Food supply chain “eaten by AI”
This is one of the fields with a lower impact from software, but could be reaching a turning point as a result of emergent AI technologies. Those lucky enough to have had a glimpse into Ocado’s distribution centre can see the impact that automation can have for retailers at the consumer end of the value chain. Working backwards from the production to agriculture, stories of D.I.Y. Artificial Intelligence used in a Japanese family farms to tomato sorting machines inspire countless possibilities for AI to eat up opportunities in agriculture.

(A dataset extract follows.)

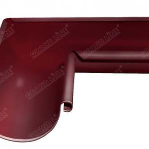 Угол желоба внешний, 90° 125x90 мм. Grand Line, цвет Ral 3005 красное вино

The long road to autonomous transportation
Whilst a whole host of companies are claiming technology readiness within the next 3-5 years, autonomous vehicles will be held back by various system-level barriers. Commentators predict two paths to autonomous transportation: The “evolutionary” path, where today’s cars get self-driving features bit by bit (e.g. Tesla’s autopilot feature), and the “revolutionary” path, where totally self-driving cars start as test vehicles and become more mainstream as they can drive in more places (Google cars). Regardless it’s a long road to becoming ubiquitous.
Heatmap: Applied AI microtrends
As a summary for the next five years, we have created our own heatmap of Applied AI microtrends, which sets out each applications as it evolves from ‘emergent’ to ‘ubiquitous’ and eventually ‘implicit’ across a variety of use cases.
Accelerating the learning curve:
Edtech is a large and growing market. We are seeing great leaps beyond the rapid adoption of digital solutions (such as MooCs or online learning platforms) to a new wave of edtech startups. AI is helping to optimise the learning experience, making it more efficient, more effective and (yes, if some can believe it) more enjoyable. Multiple data inputs (not just text but also audiovisual) can be analysed using deep learning techniques. Everything from speaking a foreign launguage with real time feedback, speeding up revision with NLP summaries or zipfian distributions, leveraging pattern recognition to learn musical instruments and even style transfer applied to the art of sketching.